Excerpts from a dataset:
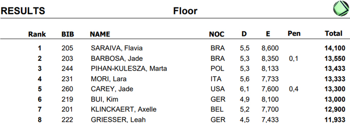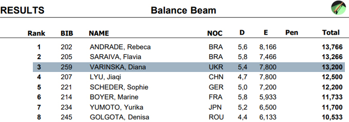 На бревне у женщин первые два места заняли девушки из Бразилии: Ребека Андраде и Флавия Сараива, бронза у Дианы Варинской. В финале у Дианы была серьезная ошибка после акробатической связки, но остальная часть упражнения была выполнена без особых помарок, в итоге она смогла удержаться на третьем месте:
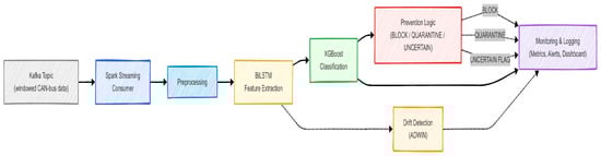 The authors of [19] proposed one of the few truly real-time IDS solutions using a Kappa Architecture. Their system combines Spark Streaming with ensemble learning models—Random Forest, XGBoost, and Decision Trees—to detect CAN bus attacks such as DoS, spoofing, fuzzing, and replay. Achieving up to 98.5% accuracy and low-latency detection (as fast as 0.26 s), the work demonstrates solid real-time processing capabilities. However, the system lacks attack prevention and operational monitoring, and its traffic simulation capabilities are restricted, which our framework addresses.
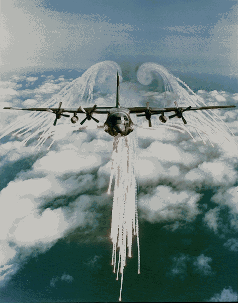 A picture from the 1993 Aviation Week & Space Technology Photo Contest. This came second in the Military category. The plane is ejecting flares during a test of an infrared missile warning and self-protection system installed on a C-130 Hercules. The trailing vortices formed in the wake are clearly visible. The size of these vortices is related to the lift produced by the wings, and the photograph suggests that the aircraft was climbing during this maneuver. See also firing sequence and over ground.
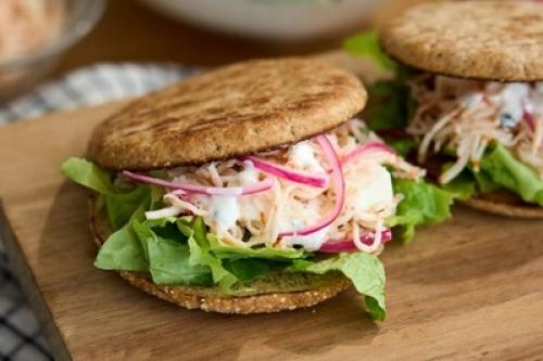 - ¡Llegó la hora de emplatar! Rellena tu pita con la lechuga, Krissia® Rallado, la cebolla encurtida y el queso feta.
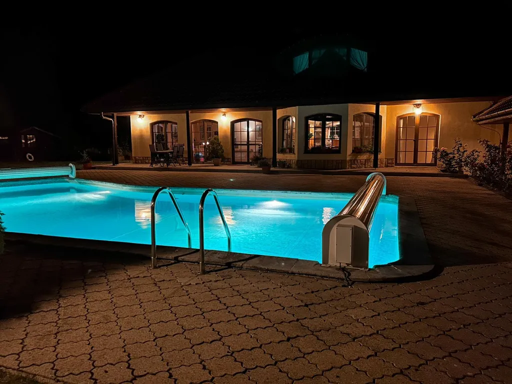 Najdete zde vyhřívaný bazén 12 × 5,5 m s lamelovým zakrytím, automatické zavlažování a zahradní osvětlení.
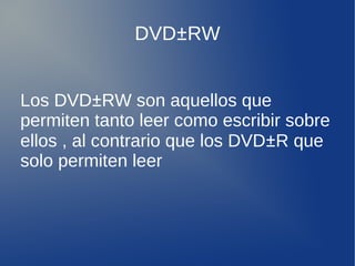 Los DVD±RW permiten tanto la lectura como la escritura de datos, a diferencia de los DVD±R que solo permiten la lectura. Existen dos formatos principales, DVD+RW y DVD-RW, que difieren principalmente en que el DVD+RW requiere de un proceso de inicialización y finalización para la grabación, mientras que el DVD-RW no requiere de estos procesos y permite detener y reanudar fácilmente la grabación.
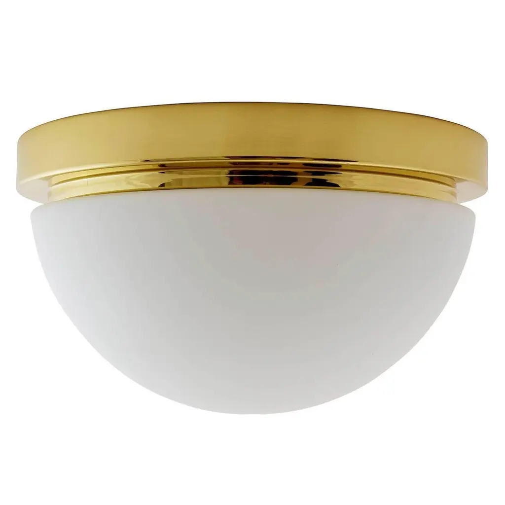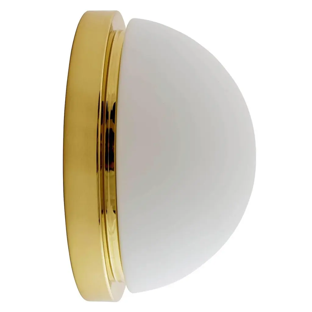 One of eight flush mount or wall lights by Glashütte Limburg, manufactured in midcentury, circa 1970.They are made of a polished brass armature with a dome shaped white milk glass lampshade. Labelled with Glashütte Limburg.The price is per light. They will be sold individually, as pair, or as set of two, three, four, five, six, seven, or eight lights.
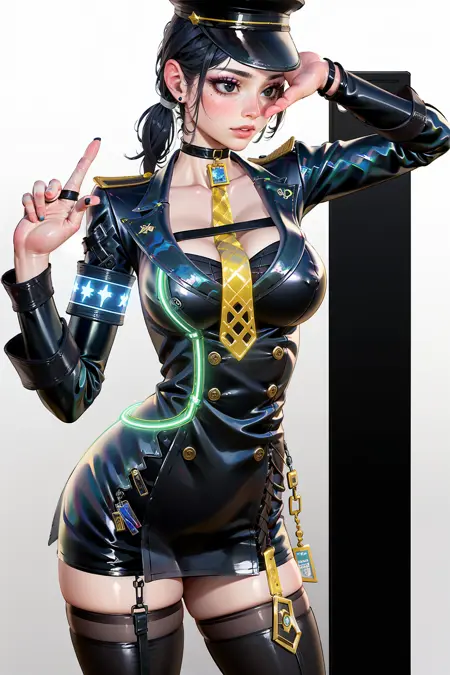 触发词(Trigger word)****: shayol wei,1girl,thighhighs,necktie,thigh boots,uniform,jewelry,armband,choker,latex,see-through,short dress,

What to do: Every line above between the one containing "- ¡Llegó la" and the one containing "Najdete zde vyhřívaný", those two included, is to be printed exactly. No pictures go into the copy.

Result for this exercise:
 - ¡Llegó la hora de emplatar! Rellena tu pita con la lechuga, Krissia® Rallado, la cebolla encurtida y el queso feta.
 Najdete zde vyhřívaný bazén 12 × 5,5 m s lamelovým zakrytím, automatické zavlažování a zahradní osvětlení.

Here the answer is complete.